Nothing should appear in the answer except the lines below from the line containing "This piece may" through the line containing "Την ίδια ώρα", copied exactly, with pictures left out.

▸ MATERIALS PROVIDED
▼
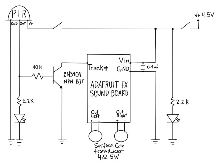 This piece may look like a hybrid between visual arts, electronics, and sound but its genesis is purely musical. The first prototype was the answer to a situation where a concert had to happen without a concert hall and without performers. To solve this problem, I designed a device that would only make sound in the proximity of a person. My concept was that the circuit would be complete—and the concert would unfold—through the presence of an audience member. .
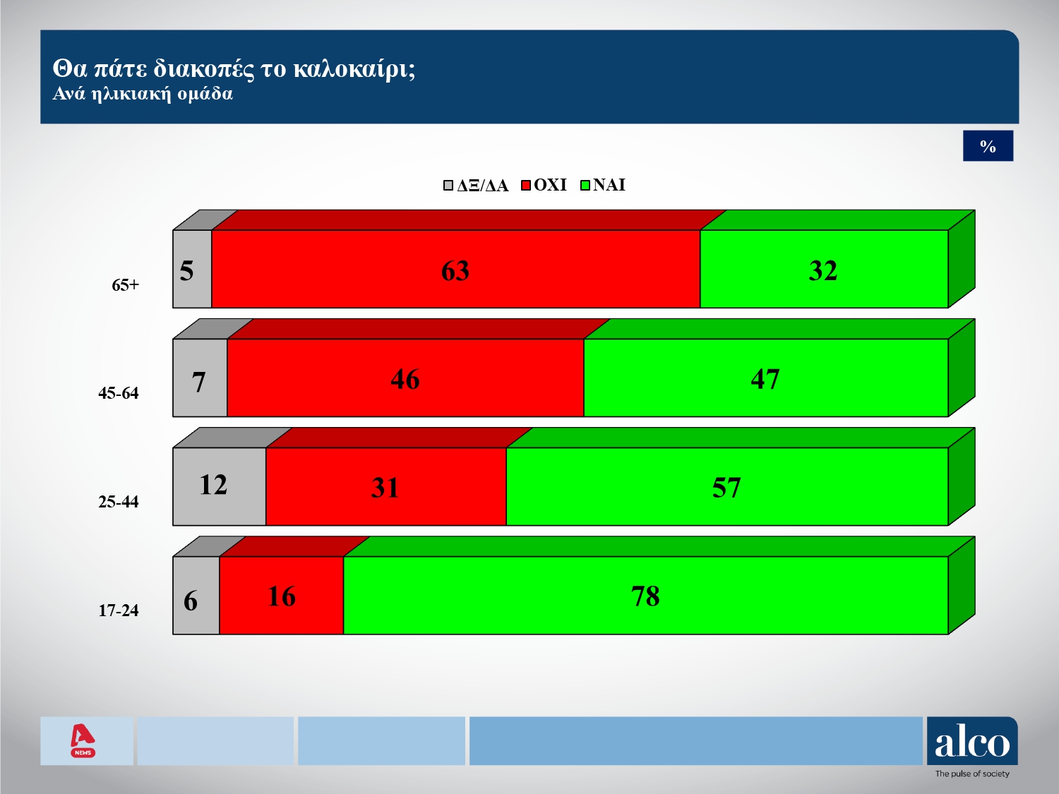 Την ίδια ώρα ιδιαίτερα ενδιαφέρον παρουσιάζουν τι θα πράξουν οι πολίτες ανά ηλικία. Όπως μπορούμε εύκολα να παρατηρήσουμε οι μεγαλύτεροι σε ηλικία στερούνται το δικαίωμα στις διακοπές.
▲
▼
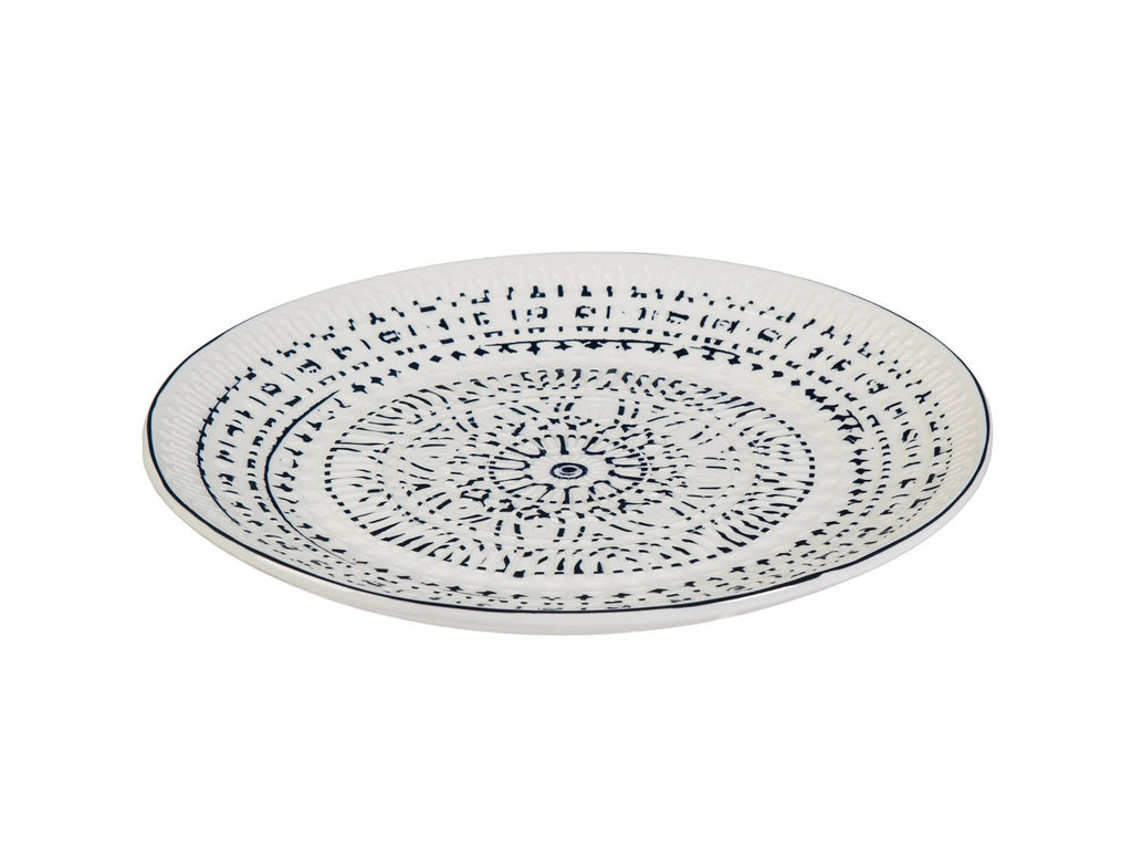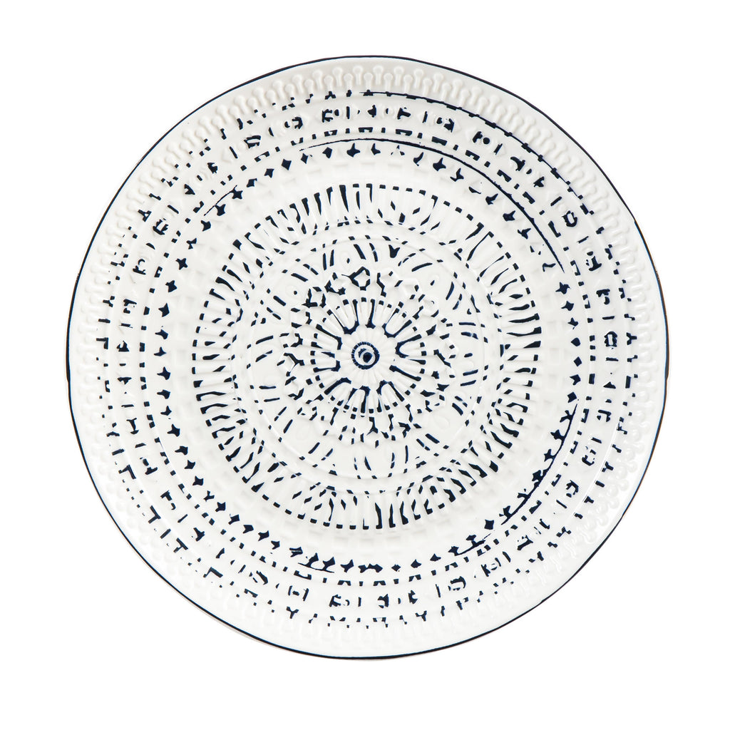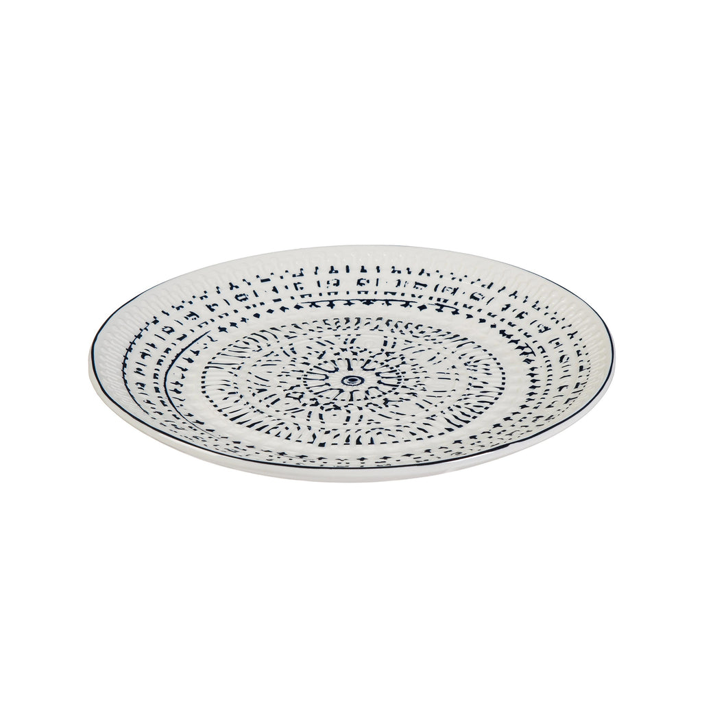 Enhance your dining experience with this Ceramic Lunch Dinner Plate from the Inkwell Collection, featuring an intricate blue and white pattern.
▲
▼
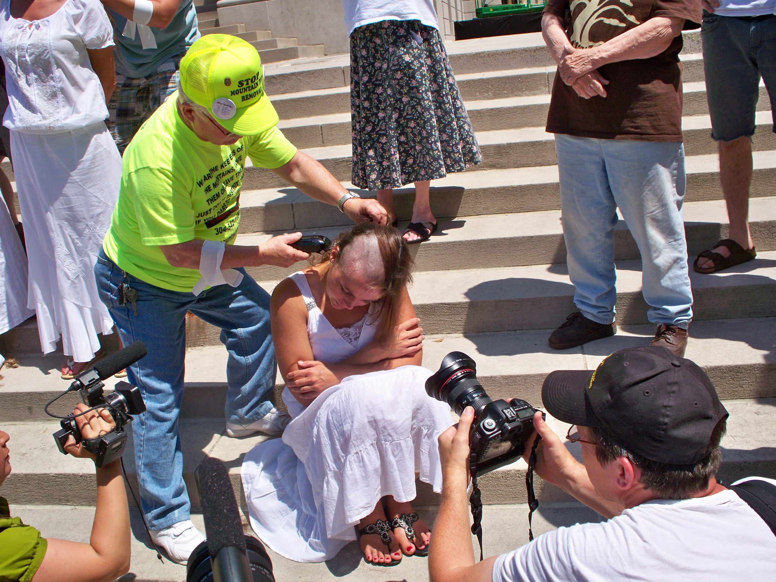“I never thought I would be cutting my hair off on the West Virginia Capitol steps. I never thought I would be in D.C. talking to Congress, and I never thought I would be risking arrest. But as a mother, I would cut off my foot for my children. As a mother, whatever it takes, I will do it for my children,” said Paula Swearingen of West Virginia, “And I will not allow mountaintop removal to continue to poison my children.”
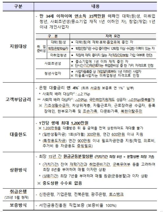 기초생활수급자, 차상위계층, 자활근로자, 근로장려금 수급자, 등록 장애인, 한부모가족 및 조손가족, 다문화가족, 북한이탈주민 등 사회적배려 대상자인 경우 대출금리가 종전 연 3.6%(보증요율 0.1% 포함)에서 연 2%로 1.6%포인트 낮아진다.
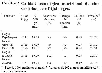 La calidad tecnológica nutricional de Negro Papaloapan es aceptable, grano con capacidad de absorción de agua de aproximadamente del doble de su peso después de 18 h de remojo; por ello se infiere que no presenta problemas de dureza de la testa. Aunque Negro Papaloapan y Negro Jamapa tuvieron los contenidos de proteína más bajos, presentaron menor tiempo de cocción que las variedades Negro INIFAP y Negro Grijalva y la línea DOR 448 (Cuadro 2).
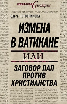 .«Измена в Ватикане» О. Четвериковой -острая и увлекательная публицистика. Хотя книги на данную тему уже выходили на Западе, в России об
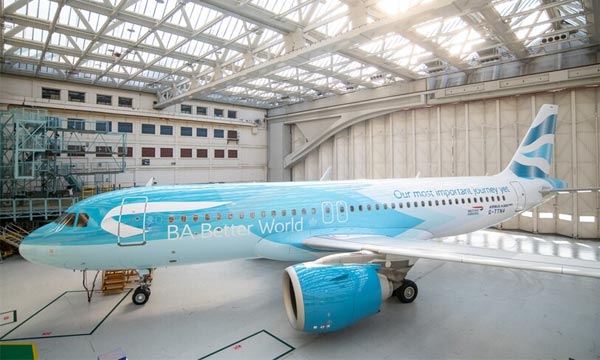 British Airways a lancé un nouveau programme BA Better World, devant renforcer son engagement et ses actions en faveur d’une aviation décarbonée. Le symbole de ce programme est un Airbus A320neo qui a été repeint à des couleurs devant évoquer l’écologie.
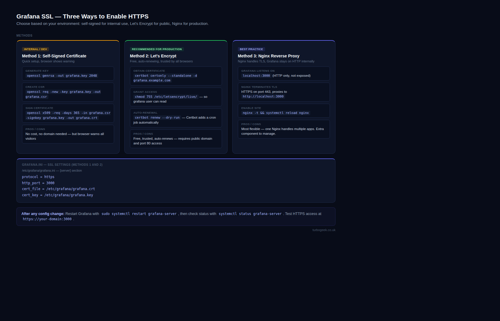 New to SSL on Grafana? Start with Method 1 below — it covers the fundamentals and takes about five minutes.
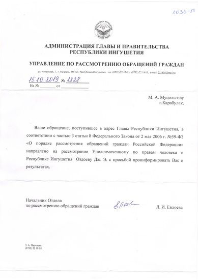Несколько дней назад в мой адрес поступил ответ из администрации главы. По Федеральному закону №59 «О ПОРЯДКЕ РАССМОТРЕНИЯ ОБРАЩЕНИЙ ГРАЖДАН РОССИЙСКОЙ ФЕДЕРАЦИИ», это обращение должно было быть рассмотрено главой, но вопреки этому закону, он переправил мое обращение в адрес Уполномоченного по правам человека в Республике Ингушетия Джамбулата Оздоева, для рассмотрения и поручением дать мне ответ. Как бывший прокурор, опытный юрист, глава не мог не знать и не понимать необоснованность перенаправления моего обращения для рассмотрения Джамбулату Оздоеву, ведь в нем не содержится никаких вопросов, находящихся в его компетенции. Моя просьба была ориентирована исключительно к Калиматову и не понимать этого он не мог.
▲
▸ EXERCISE OUTPUT
 This piece may look like a hybrid between visual arts, electronics, and sound but its genesis is purely musical. The first prototype was the answer to a situation where a concert had to happen without a concert hall and without performers. To solve this problem, I designed a device that would only make sound in the proximity of a person. My concept was that the circuit would be complete—and the concert would unfold—through the presence of an audience member. .
 Την ίδια ώρα ιδιαίτερα ενδιαφέρον παρουσιάζουν τι θα πράξουν οι πολίτες ανά ηλικία. Όπως μπορούμε εύκολα να παρατηρήσουμε οι μεγαλύτεροι σε ηλικία στερούνται το δικαίωμα στις διακοπές.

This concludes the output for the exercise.